We have a wonderful, catching-up kind of talk, and I return home to find the sauce well-tended. I take the pizza dough from the fridge where, even in that coldness, it has doubled in size, and I roll out two thin crusts onto pans oiled and dusted with cornmeal. I fill the pasta pot with water, blurp in olive oil and sprinkle in salt and put it on to boil.
The oven heats, and Jim comes up to help dress the pizza crusts with swirls of hot red sauce, handfuls of snowy grated mozzarella, a full component of sliced pepperoni.
The water begins to bubble; the oven dings: proper temperature has been reached, and we can slide the pizzas into the intense heat.

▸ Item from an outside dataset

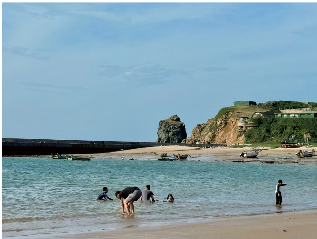
端午連假首日，東莒福正沙灘午後湧現人潮，享受悠閒海島時光。(圖/文：蔡夢玲)

【本報訊】東引知名景點安東坑道因配合軍方整修工程，考量施工期間遊客安全及旅遊環境品質，自7月1日起暫停對外開放，完工後將另行公告恢復開放時間。 安東坑道原為軍事戰備設施，後移撥由馬祖國家風景區管理處經營管理，開放作為戰地觀光景點。然而，安東坑道雖已轉型為觀光據點，因應國防安全與軍事任務需求，仍保留預備軍事指揮所功能，必要時須配合部隊運用與整備作業，兼具觀光與戰備雙重角色。 根據了解，此次辦理的「安東坑道預備指揮所整修工程」，由陸軍東引地區指揮部主辦，施工期間自15年5月4日起至9月30日止，主要進行預備指揮所相關空間整修，包括坑道內廁所、作戰室、彈藥室及中心倉庫等設施更新，以維持軍事坑道運作機能。 由於工程期間正值東引旅遊旺季，馬管處東引遊客中心曾與東引地區指揮部及承攬廠商多次協調，希望在兼顧軍事工程需求下，維持安東坑道正常開放，並建議工程車輛、機具移動及建材搬運避開遊客參觀時段，或安排於無旅客進入期間進行，同時提出延後施工的建議，以減少對觀光活動的影響。 不過，承攬廠商表示，無法保證施工期間能完全配合相關調度；東引地區指揮部則基於工程進度與戰備任務需求，亦有如期執行整修工作的壓力。經綜合評估後，考量施工期間工程車輛頻繁進出坑道，將產生廢氣排放、噪音干擾，且機具作業及建材搬運亦可能增加遊客受傷風險，基於維護旅遊安全與健康，決定自7月1日起全面封閉安東坑道。 馬管處表示，安東坑道兼具戰地文化展示與軍事設施特性，在觀光發展與國防需求之間，需取得適當平衡。此次暫停開放，雖對暑期旅遊造成部分影響，但整修完成後，除可提升預備指揮所設施品質，也將提供更完善、安全的參觀環境，讓這處兼具歷史意義與戰地特色的重要景點，以更好的面貌重新迎接遊客到訪。

Even with the AC, the kitchen grows warm. Steam rises from the pasta pot. I crack fettucine noodles in half, stir them into the simmering water.
James takes his pie slices down into the cool of the basement to eat; Mark and I settle in at the dining room table. The air conditioning chugs and heaves, but it does its job, and we devour steaming servings of pasta in the coolness it generates.
“The heat,” says Mark, “just takes it out of you,” and he sits in his reading chair after the dishes have been settled, opens a book, and shortly begins to snore. But he wakes after twenty minutes, shakes the cobwebs off and heads outside, glad he has installed a temperature-instigated fan in the little garage he has turned into his workshop. He has projects to complete.
And today, hot as it seems, will be the coolest day this week, the least marked pearl on a sultry string.
Summer is here, and its air is thick and moist. And we dance out to greet it, barefooted and bare-legged, moving more languidly than we moved on crisp, clear, spring days. Our limbs are liquid and relaxed, and the season’s possibilities seem endless. Time is fluid and sinuous; and the dropping of the sun promises cool relief.
And then the morning comes. The sun rises. And soon, the day steams.